Он смолк на мгновение, подавленный волнением, охватившим его душу, и немного спустя, продолжал:
– Тушинский царь бежал. Тушино сгорело на глазах моих… Сильное числом и злобою скопище воров и изменников рассеялось… Погибли и многие сильные вожди их, и вот по воле Божьей я свободен, я вновь в Москве и среди вас, я вновь могу служить моей Отчизне на пользу…
Но я не радуюсь, и дух мой не оживлен надеждой.
Куда ни оглянусь, повсюду вижу измену, вражду корысть и шаткость… Тушинский вор в Калуге, и около него изменники и воры. Польский король под стенами Смоленска, и у него в стане русские изменники и воры, которые зовут его идти сюда, на пагубу русской земли.

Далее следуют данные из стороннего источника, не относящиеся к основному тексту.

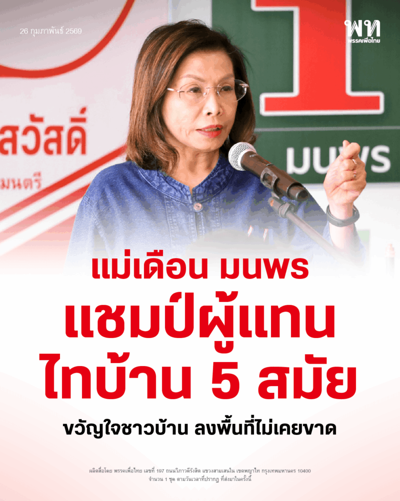 ‘แม่เดือน มนพร’ ขึ้นชั้นผู้แทนไทบ้าน แชมป์ 5 สมัย กวาด 5 หมื่นแต้ม เพราะหัวใจคือประชาชน
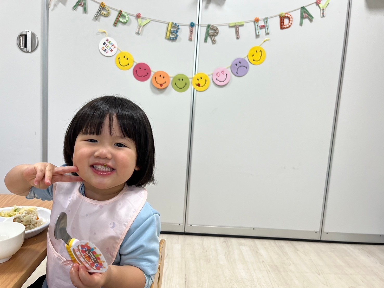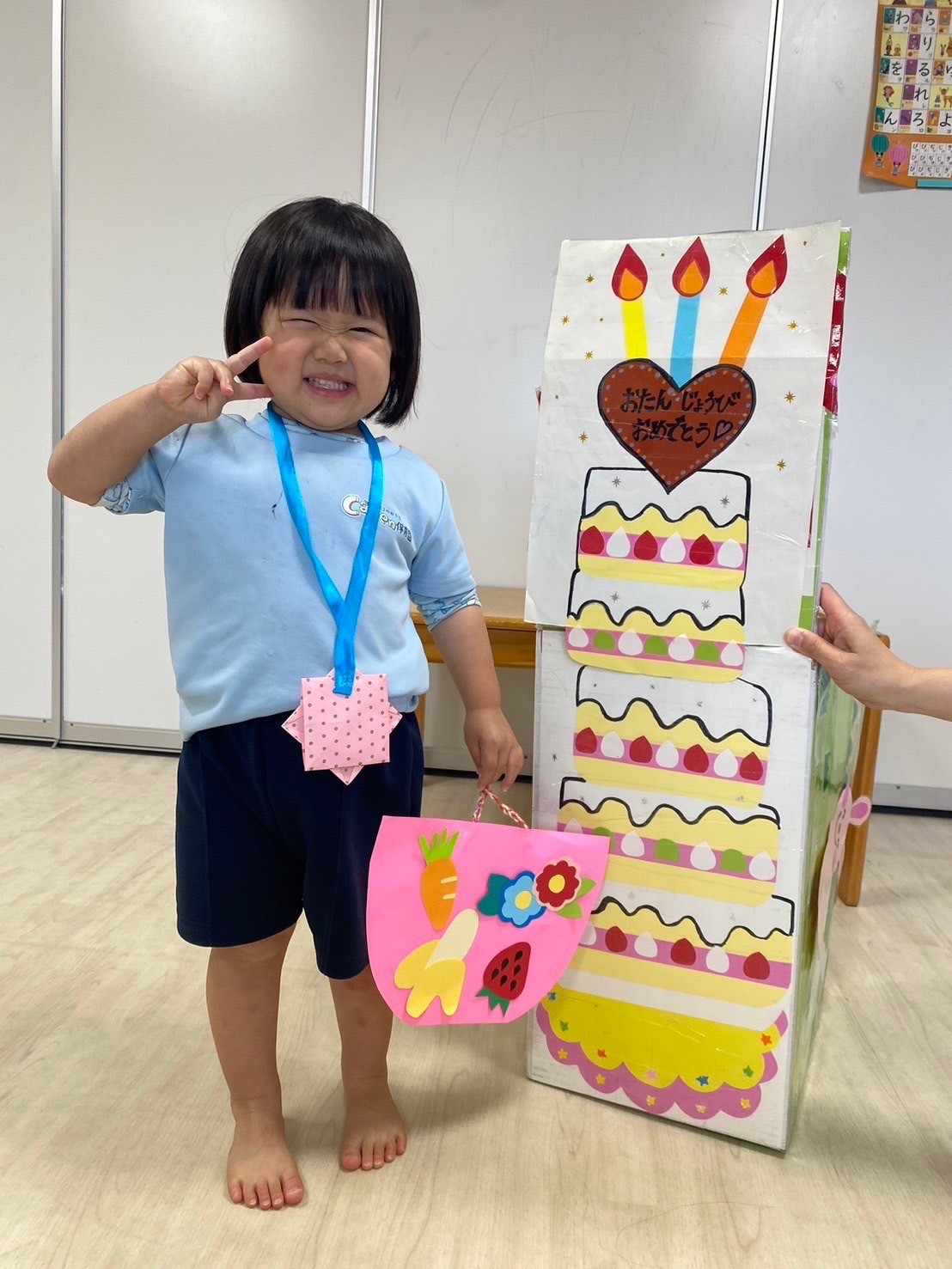 初めて誕生日会に参加した新入園児のお友だちもリアクションをしながら笑顔で参加ができていましたよ😍
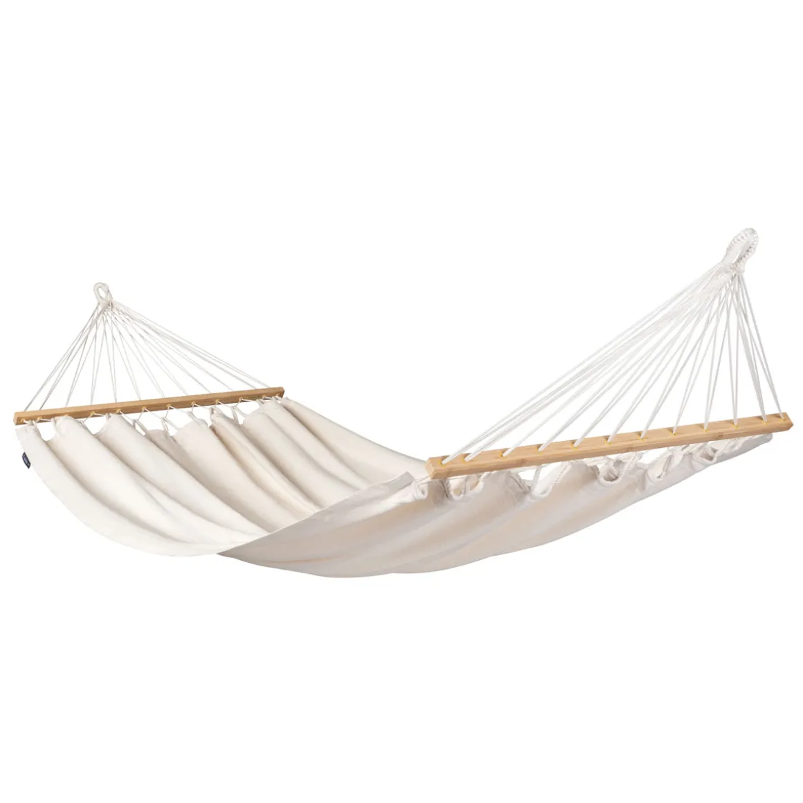 Entspannen Sie sich in der La Siesta Doppel-Stabhängematte Florencia Latte aus Bio-Baumwolle und genießen Sie den Komfort und die Qualität, die diese Hängematte bietet.
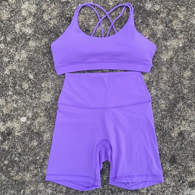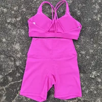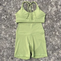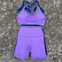 Solid Color Gym Bike Yoga Set Short Legging Cross Back Sport Bra 2pc Tracksuit Athletic Women Gym Suit
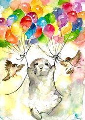 #小鳥#雀#うさぎ#兎#すずめ#スズメ#風船#バルーン#透明水彩 #水彩 #水彩画 #イラスト #アート #art #アナログ #インテリア #飾り #鑑賞 #美術 #芸術 #作品 #ギャラリー #watercolor
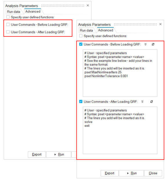 Inspire Extrude arayüzü (GUI), yaygın olarak kullanılan tüm proses parametrelerini destekler. Ancak çözücü, diğer birçok gelişmiş parametre ve komuta sahiptir. Bazı kullanıcıların özel koşullar altında bu komutları/parametreleri kullanması gerekebilir. Bu versiyonda, bunu duruma göre değil genel olarak desteklemek için yeni bir mekanizma geliştirilmiştir. Kullanıcılar artık bu komutları belirleyebilir ve değişkenleri Run panelinin Advanced sekmesinde ayarlayabilir.
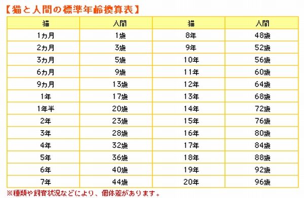 犬の年齢 猫の年齢換算表 永遠日誌
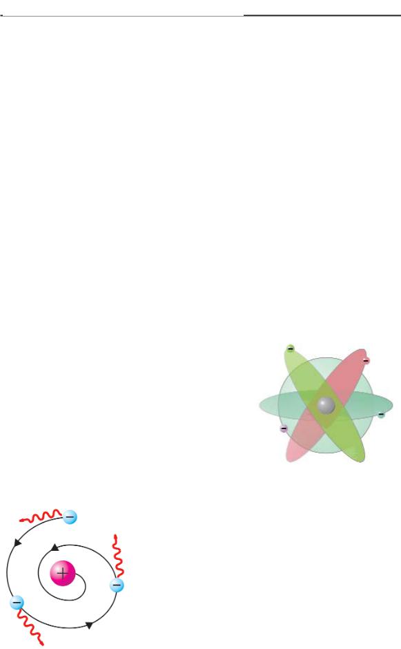 Таким образом, из законов классической физики неизбежно следовал вывод, что, двигаясь ускоренно по определенным орби там, электрон, излучающий энергию в виде электромагнитных волн, со временем должен терять скорость и, в конце концов, упасть на ядро (что положило бы конец существованию атома).
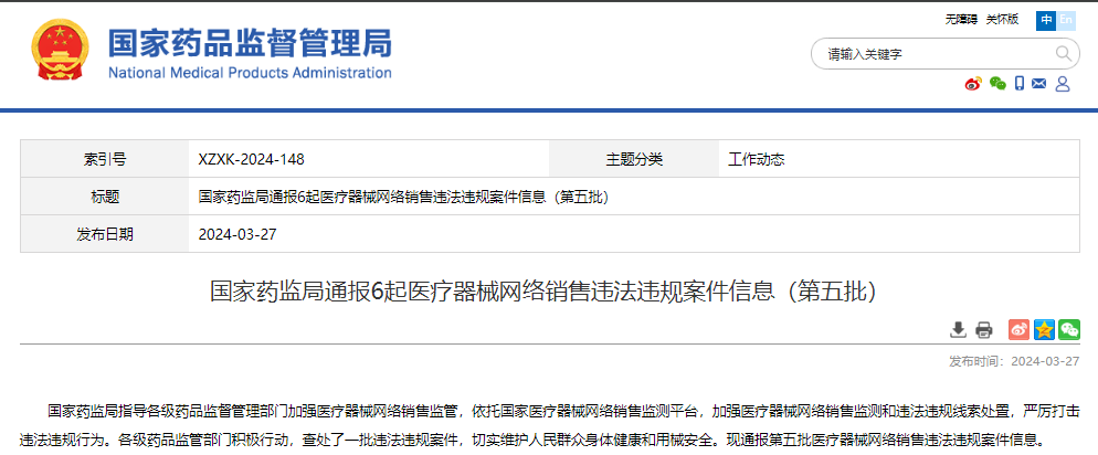 國家藥監(jiān)局通報6起醫(yī)療器械網(wǎng)絡銷售違法違規(guī)案件信息(第五批)
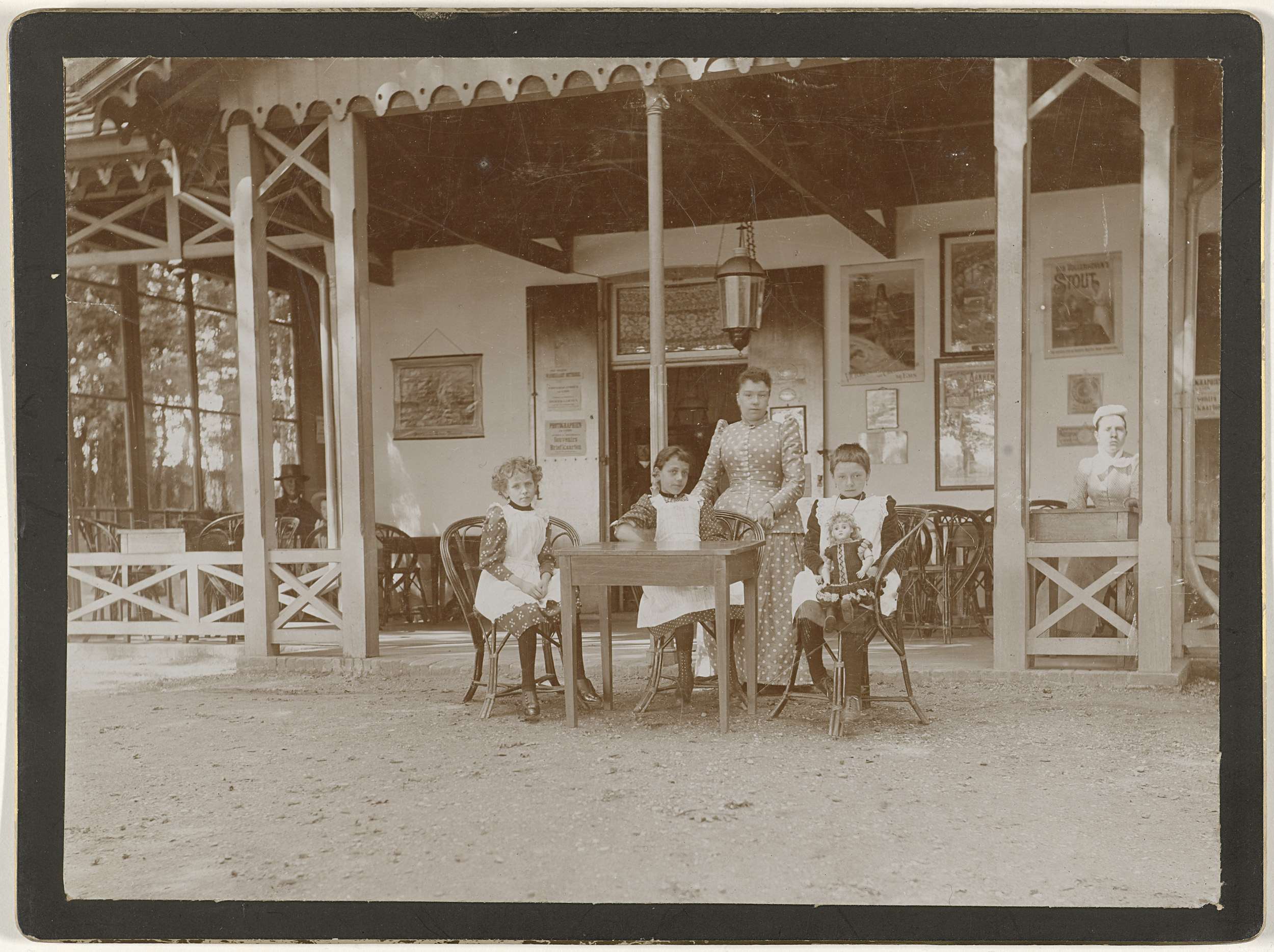 Drie meisjes en een jonge vrouw bij uitspanning West...

Здесь, в Москве, – измена, смута, тайные враги, предатели, готовые продать. О, много, много еще, верьте мне, должно страдать нам, много еще перенести и к краю гибели прийти, чтобы спастись от лютого врага, который в нас вселился, нам сердце гложет, нас побуждает на зло и на измену!
Вот я молю вас, братья, друзья, готовьтесь к бедам, готовьтесь страдать, готовьтесь биться с врагами, не успокаивайте духа своего, не усыпляйте его надеждами на лучшее… грозные тучи идут на нас, полные громов и бурь! Мужайтесь и твердо стойте и молите Бога, чтобы Он вас научил любить отчизну и веру отцов превыше всех благ, всего достатка и счастья земного. Только этим и спасетесь, только этим и утешитесь.
Он не мог более говорить: слезы душили его, голос слабел и прерывался, руки дрожали. Марфа Ивановна и Иван Никитич взяли его бережно под руки, и повели с крыльца в хоромы.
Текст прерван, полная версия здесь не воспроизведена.